This was great! I was looking for recipes with tomatoes since I have so many from my garden this season. I didn't have a lot of the ingredients on hand but it still worked out great. I sliced the tomatoes thin (about 1cm wide) using a serrated knife. Sprinkled with salt and let them dry on a paper towel. I used a sweet yellow onion instead of green onions and sliced 1/2 wide rings. The bottom layer was onions. Then tomatoes. I sprinkled Trader Joe's Pasta Seasoning Blend (awesome seasoning with all the tomato stuff I have been making) over each layer of tomatoes. Onion, tomatoes, pasta seasoning, onion, tomatoes, pasta seasoning. Used TJ's 3 cheese blend mixed with the mayo. I was busy preparing other stuff so I wasn't watching it carefully. It probably could have been in the oven less than 60 minutes so I recommend watching it after 50 minutes to make sure the cheese top doesn't brown too much. Finally, if you let it sit for 10 minutes, it won't be soggy when served. Guests were suspicious when I said it was a tomato, onion, cheese pie but gobbled it up and asked for seconds. This recipe is a keeper!
Changed it up a bit by using Brie & Mozz, just what I had on hand and omitted mayo cause I was out. "Sweated" tomato slices with kosher salt & put between several layers of paper towels for about 30 mins, also pre-baked (homemade) crust so with these modifications I did not end up with too much liquid in the finished product, although next time I will pre-bake crust 15 mins instead of 10. I tried it hot & cold, prefered the cold. Very good savory pie!
I made this pie for dinner last night and it was a huge hit! The fresh basil in the recipe really did it for me! I had made a tomato pie in the past but it had lots of eggs in it and was more "custardy". This one was fresh and delicious and easy to make.
This was delicious! I used mozzarella instead of cheddar because that's what I had. Would definately make this again.

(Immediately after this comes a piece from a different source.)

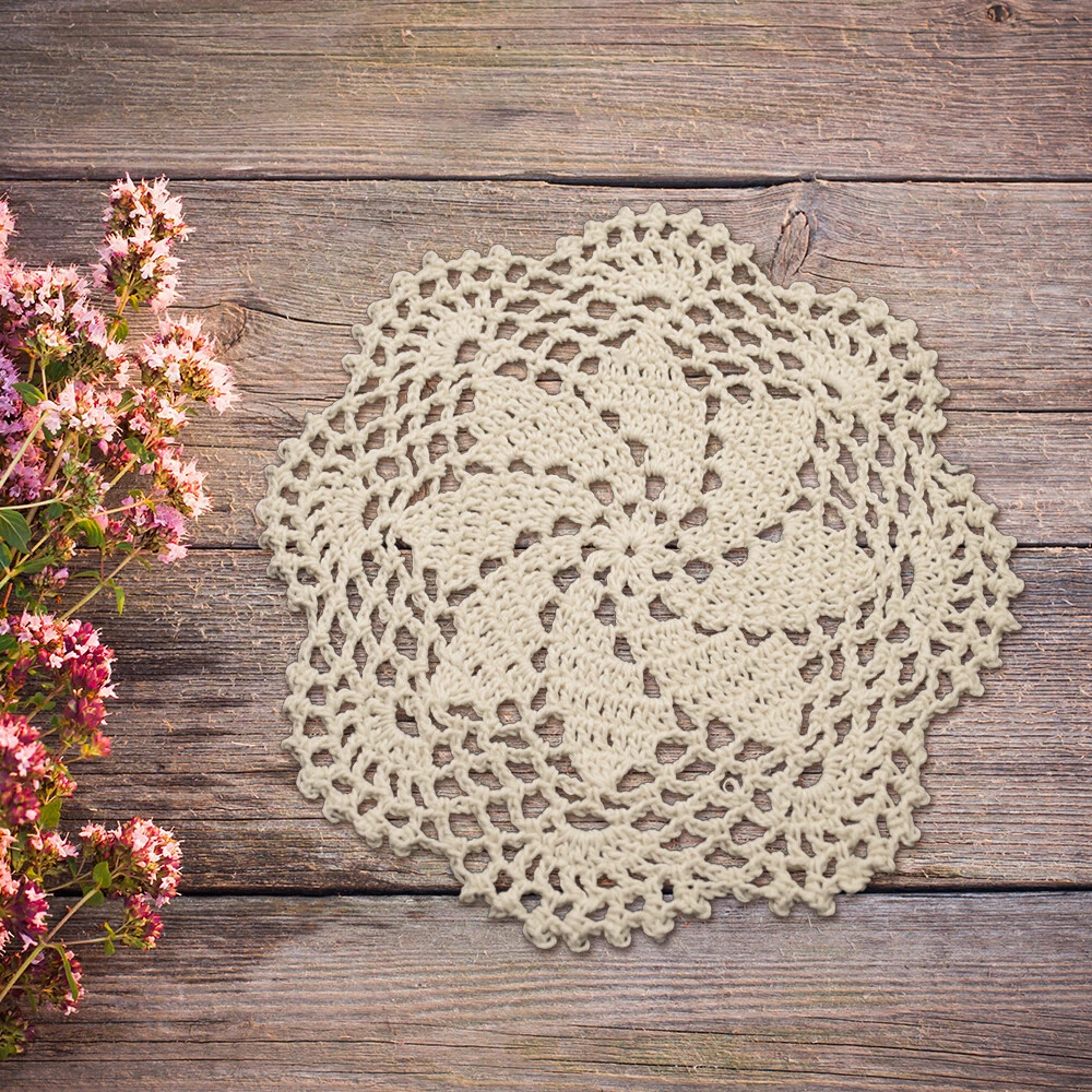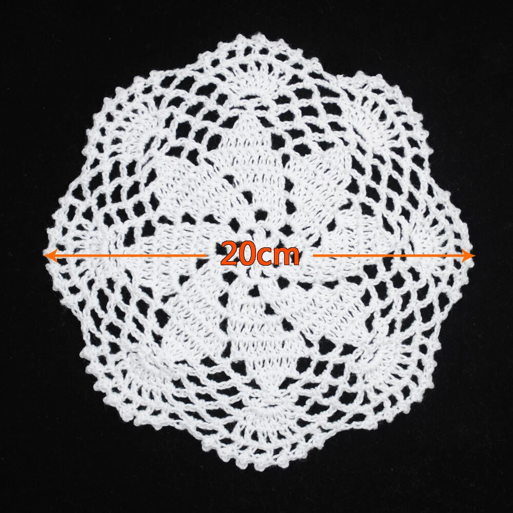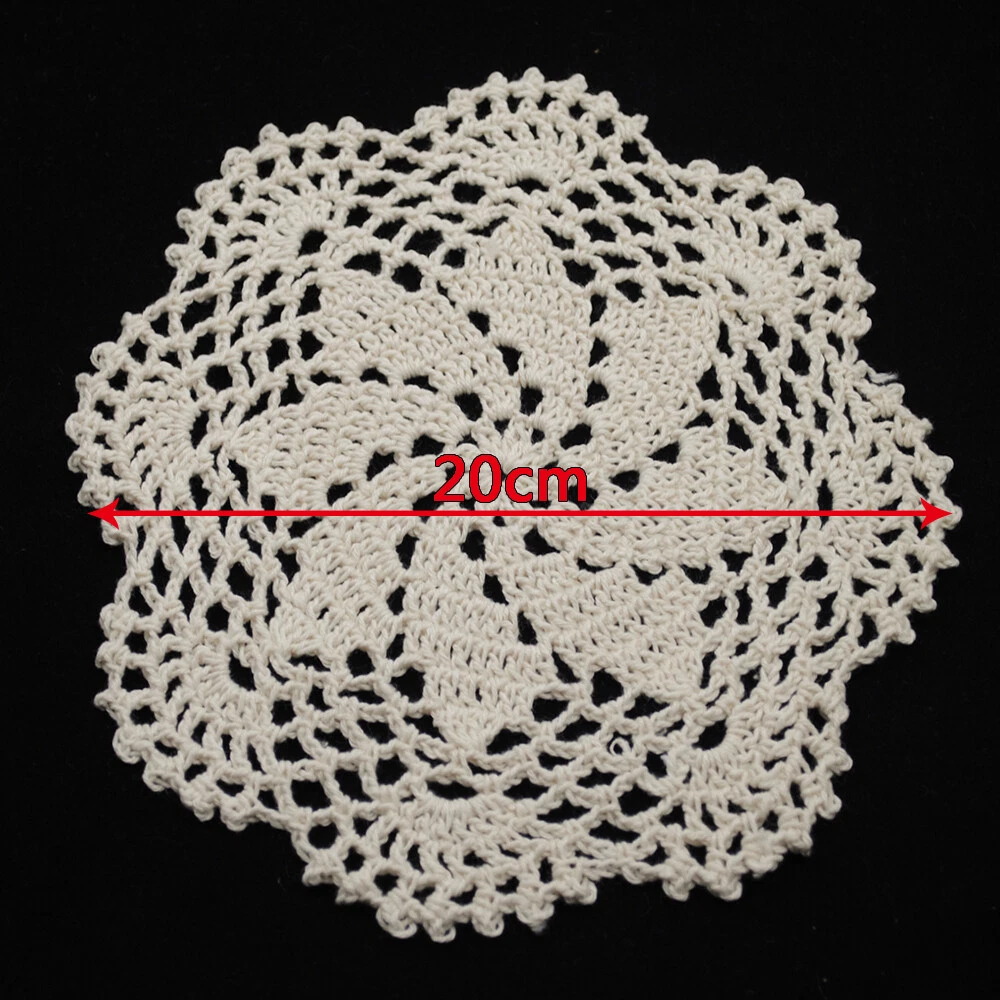 Specifications: Material: Cotton Shape: Round Color: White,Beige Craft:Hollow-out,Purely Handmade Cleaning Mode: Can be washed in the washing machine Style: Countryside Vintage Apply: It's popularly used as decorative cover towel, such as home dining table,cafe shop furniture,hotel,restaurant book shop and more. Can be used as the photo props background decoration tool. A DIY material,can be used to decorate your Handicraft. Package Includes: 4 x Doilies Notice: 1.About the color,due to different light,computer screen and batch,there may be some difference between the picture and actual item. 2.Please allow 0.5-1cm size deviation as they are handmade.

My husband suggested I dice instead of slice the tomatoes next time.
Very good. I did not peel the tomatoes. Left out the crushed red pepper. I have used used either cheddar or mozzarella or mixture of both. Drained tomatoes while I was preparing pie crust. Baked pie crust for 10 mins before filling.
Way to much basil.Pre- bake your crust for at least 10 min. I don't really think that the prep time is worth the end result, just Okay. Otherwise, Thank You for Sharing.
THis came out beautifully !! I didnt have bacon so I used salami.It wound be better with bacon but still delish!MY tomatoes ,basil, and green onion, were fresh from my garden which gave it a huge kick. Also, I used -No Roll Pie Crest 1- found on this web site those two are perfect together.IMPORTANT TIP: Make sure you dried tomatoes on paper towel so the pie wont turn out watery!Thank you will make many more times!!!
I loved everything about it and so did my boyfriend! It was down two slices in only a few minutes, thanks so much for this recipe!
Wasn't sure what to expect, first time ever making this. Ended up being a big hit! Next time might add some ground beef into the pie.
this was good, but not really what I expected. I ended up chopping my tomatoes (do you know how difficult it is to slice a peeled tomato?) and I used half a sweet yellow onion sliced & sauteed in butter, instead of the green onions. Fresh basil really makes this (don't try the dried stuff)! Like another reviewer suggested, I like it with chopped peperronis, instead of crumbled bacon (but either is good, it's just that the pepperoni is less trouble). The topping is the best part -- spread it on thick! My main complaint is that the leftovers did not re-heat well -- tomatoes & basil became soggy! (like "Fresh Tomato Pie" on this site by Britt Terry, much better!)
We used garden fresh tomatoes but they were too juicy and sort of ruined the dish. I don't know if sauteing them first to get the extra juice out would help?
This was easy and delicious, and even my ultra-picky husband loved it. He said it was even better the next day! I will make again, but next time reduce the amount of cheese to 1 cup instead of 2. I used 1/2 mozzarella and 1/2 cheddar, but next time will use all mozzarella (cheddar was too salty and hardened up after the pie cooled). This is a winner!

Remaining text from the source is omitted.